The optimal roommate matching service
The ingenuity of the Berkeley Roommate Network’s matching algorithm is hidden and subtle: namely, we use a subset of questions to compute an importance for some personal attributes. These attributes and their numeric importances are further provided and combined with other sets of questions to create a highly personalized matching priority queues for potential roommates. This information is set against threshholds determined by empirical averages from about 100 in-person surveys.
We use NLTK to use WordNet’s similarity function to analyze free response questions to a survey and look at this similarity metric across all words between two responses to match two people. WordNet’s similarity function is better than simply looking for occurrence of the same words in two responses because it takes into account context, synonyms, related meanings, and different forms or tenses of the same word.
High level algorithm:
1.) Create a dictionary mapping (email of client -> dictionary of important client data)
2.) For a given client email address, find "important data" or i_data
3.) for roommate in potential roommates:
potential_i_data = mapping(potential_email)
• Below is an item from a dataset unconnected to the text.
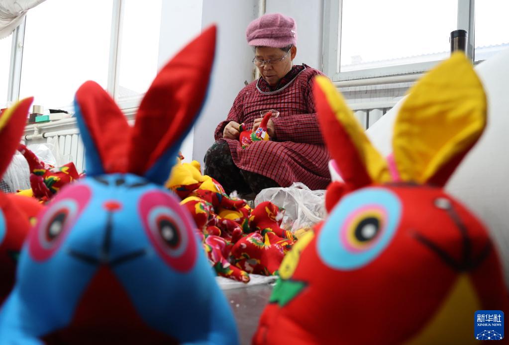 農(nóng)歷兔年春節(jié)將至,以生肖兔為主題的手工藝品訂單增多,需求旺盛。
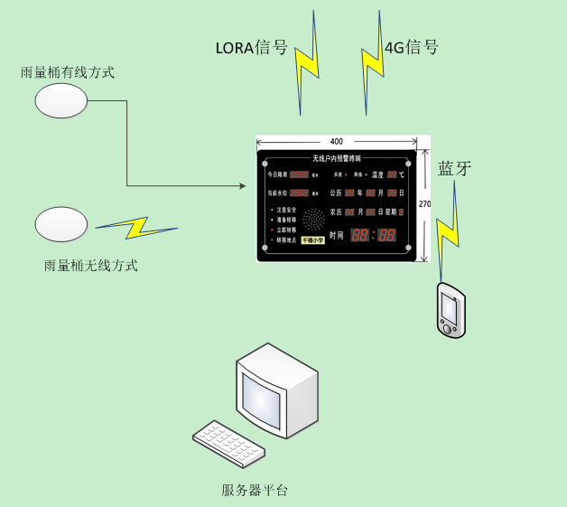 本產(chǎn)品為入戶(hù)報警器家庭版,需要配合我司雨量桶使用,系統組成應用圖如下圖所示:

evaluate matching priority between client & potential roommate #the lower the better the match
queue.add(potential roommate, priority)
4.) Create a file with the top 5 matches (5 lowest priority people) and store locally
5.) Construct an email message with these top 5 matches and a CSV file with all information for these matches
6.) Send email message using SMTP authentication to client
7.) Repeat steps 2-7 until all clients have roommate matches.
From post-matching surveys, seems like matches were not good enough. People ended up using their own intuition and take their chances with who they believe will get along with, but our matches did seem to impact their decisions because we got a lot of requests for more emails and more matches.